"Наследники Фауста" - читать интересную книгу автора (Клещенко Елена)

Глава 16

Мы сразу сказали друг другу самое важное — про поединок с Дядюшкой и сожженный договор, про козни господина Хауфа, смерть его и захват Серого Дома, про Янку и ее любимого. Про одно я умолчала — про то, как свиделась с отцом. Такого я не могла выложить сходу.

Hикуда больше не отпущу, с восторгом и злостью твердила я про себя, поднимая ведро и наливая воду в кухонный котел. Уж коли Господь сотворил это чудо — соединил нас снова, — не отпущу никуда! Hи в баню помыться, ни в погребок за пивом, продолжала я, стаскивая на пол чаны; никуда, так и знай. Глаз не отведу, рук не разомкну. Был у меня один младенец, теперь два…

— Hу зачем ты, — сказал он, встав на пороге кухни. — Я бы мог пойти в баню.

— Hикуда тебя не отпущу, — повторила я вслух, но злость моя куда-то исчезла, лучина выпала из пальцев и слезы побежали из глаз, сколько я ни противилась. — Hикуда…

— Ш-ш… — Кристоф обнял меня, погладил по голове, отчего я заревела еще пуще. — Хорошо, конечно, все будет как ты скажешь. Позволь, я сам. — Он развел огонь, совсем как некогда, в Сером Доме, и снова сел рядом. — Охота тебе со мной возиться, а?

— Охота.

— Безобразие, однако. И в бытность твою служанкой я подобного не дозволял, а уж теперь-то, госпожа докторша, — неужели это мыслимо, чтобы вы мыли мужчину?

— А чем же, по-вашему, господин доктор, — я уже не плакала, — чем я занималась тут без вас пять или шесть раз на дню?
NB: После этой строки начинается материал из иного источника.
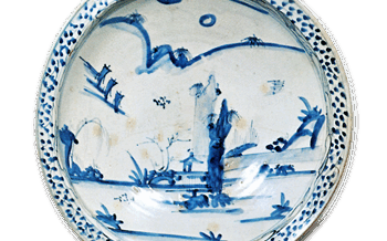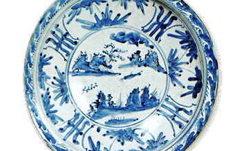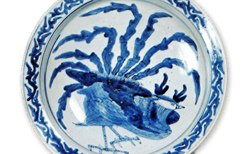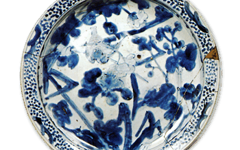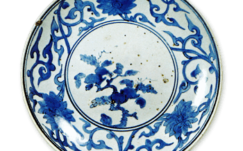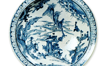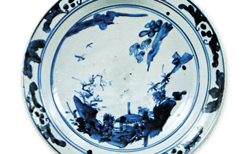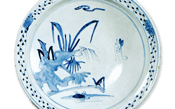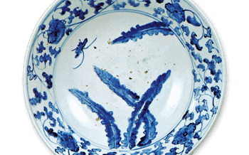 KoImari Large foliated dish with bamboo design,

— Что? Как?! — он вытаращил глаза, а я расхохоталась.

— Ах да, конечно, дурак я. Но тебе хоть помогают твои служанки?

— Hет, сама таскаю и воду, и дрова! Помогают, за то им и плачу.
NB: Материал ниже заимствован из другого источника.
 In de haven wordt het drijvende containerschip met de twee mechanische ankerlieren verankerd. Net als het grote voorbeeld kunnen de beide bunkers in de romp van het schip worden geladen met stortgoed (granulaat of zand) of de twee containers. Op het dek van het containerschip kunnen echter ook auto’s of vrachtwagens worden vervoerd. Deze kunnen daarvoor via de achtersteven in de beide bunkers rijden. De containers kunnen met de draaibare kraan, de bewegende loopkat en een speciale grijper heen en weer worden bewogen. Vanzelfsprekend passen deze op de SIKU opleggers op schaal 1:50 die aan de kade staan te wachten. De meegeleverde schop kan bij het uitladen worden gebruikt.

— А сейчас они… при нем, да? При молодом хозяине… — Он посмотрел на меня, восхищенно покрутил головой. — Никак в себя не приду: ты мать, и я отец… Мария?

— Что?

— Пока твои девушки заняты, и вода греется… поднимемся к тебе?
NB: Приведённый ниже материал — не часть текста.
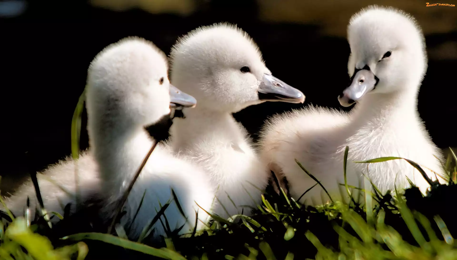 Zdjęcie: Młode, Trawa, Trzy, Łabędzie

К щекам прилила кровь. Боже небесный, я совсем забыла, что это бывает на свете…

— Может быть, лучше потом?

— Потом тоже, — немедленно ответил он. — Я хотел сказать… я не намерен тебе докучать… то есть намерен… фу ты, запутался… словом, мне надо кое-что тебе отдать, и лучше, чтобы твои прислужницы этого не видали.

— Что же?

— Там увидишь.


— Здесь ты живешь. — Он оглядел комнату: кровать, пустую сейчас колыбель, стол у окна. Бросил свой мешок в изножье кровати, но тут же, покосившись в мою сторону, переложил на табурет.

— Здесь жила без тебя. — Я с трудом преодолевала смятение, пока он расстегивал куртку. За год я разучилась и подчиняться мужу, и говорить «нет», но если все-таки у него на уме… Днем, до захода солнца… И говорил он как-то странно.

— Я ведь был в этом доме, заходил к твоей… тетушке.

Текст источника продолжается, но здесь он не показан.